Task brief
Transcribe the entries below word for word, beginning at the line with "平和屋本店■極上 染色作家 斉藤三才" and stopping after the line with "Oggi, un collega"; drop all pictures.

***** Material for this task *****

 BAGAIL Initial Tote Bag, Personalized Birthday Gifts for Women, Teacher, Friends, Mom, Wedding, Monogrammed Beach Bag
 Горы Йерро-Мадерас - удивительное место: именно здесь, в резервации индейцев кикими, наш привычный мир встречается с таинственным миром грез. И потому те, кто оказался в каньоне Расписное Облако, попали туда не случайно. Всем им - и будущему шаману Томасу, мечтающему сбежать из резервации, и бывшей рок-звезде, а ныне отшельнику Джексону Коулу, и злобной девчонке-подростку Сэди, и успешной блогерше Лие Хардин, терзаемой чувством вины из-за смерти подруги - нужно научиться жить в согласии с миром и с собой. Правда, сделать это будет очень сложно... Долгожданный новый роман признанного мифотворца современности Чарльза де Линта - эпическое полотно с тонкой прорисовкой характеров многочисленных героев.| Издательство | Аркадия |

*****
***** Material for this task *****

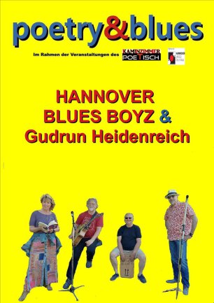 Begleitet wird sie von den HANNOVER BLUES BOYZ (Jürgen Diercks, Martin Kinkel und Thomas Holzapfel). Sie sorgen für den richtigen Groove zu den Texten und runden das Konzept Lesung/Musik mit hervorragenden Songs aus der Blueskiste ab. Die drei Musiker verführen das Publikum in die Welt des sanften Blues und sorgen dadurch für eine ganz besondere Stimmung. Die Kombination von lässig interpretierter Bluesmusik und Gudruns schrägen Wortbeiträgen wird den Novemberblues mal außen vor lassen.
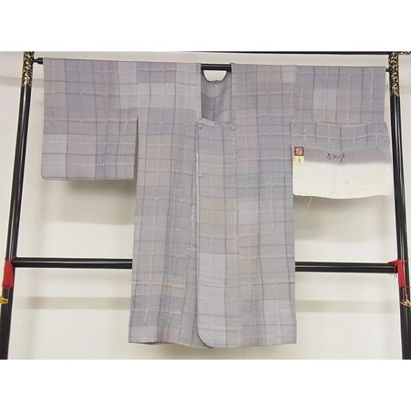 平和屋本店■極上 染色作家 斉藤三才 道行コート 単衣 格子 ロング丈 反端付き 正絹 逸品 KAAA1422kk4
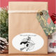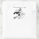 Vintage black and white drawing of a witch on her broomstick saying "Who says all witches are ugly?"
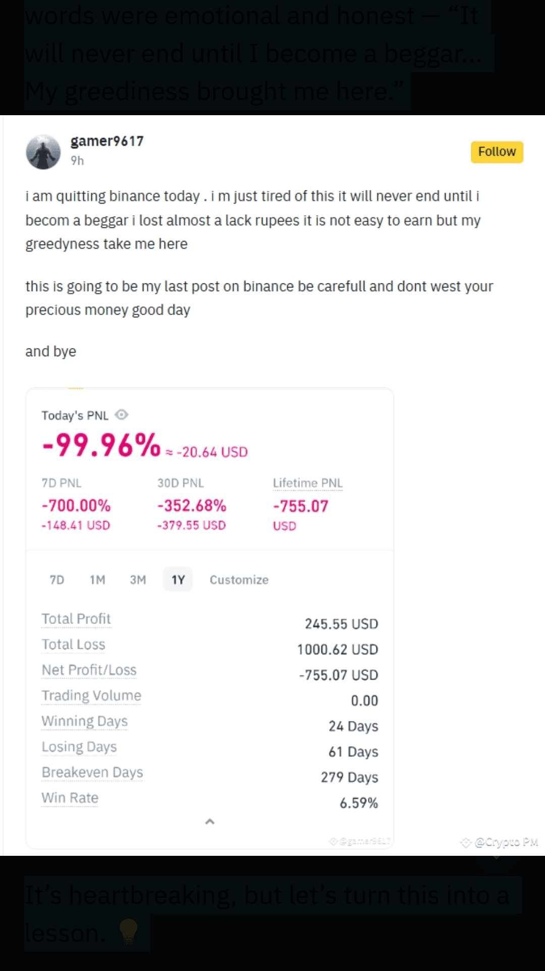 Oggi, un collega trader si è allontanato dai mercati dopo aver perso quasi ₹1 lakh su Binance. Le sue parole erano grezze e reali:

*****

Written solution
 平和屋本店■極上 染色作家 斉藤三才 道行コート 単衣 格子 ロング丈 反端付き 正絹 逸品 KAAA1422kk4
 Vintage black and white drawing of a witch on her broomstick saying "Who says all witches are ugly?"
 Oggi, un collega trader si è allontanato dai mercati dopo aver perso quasi ₹1 lakh su Binance. Le sue parole erano grezze e reali:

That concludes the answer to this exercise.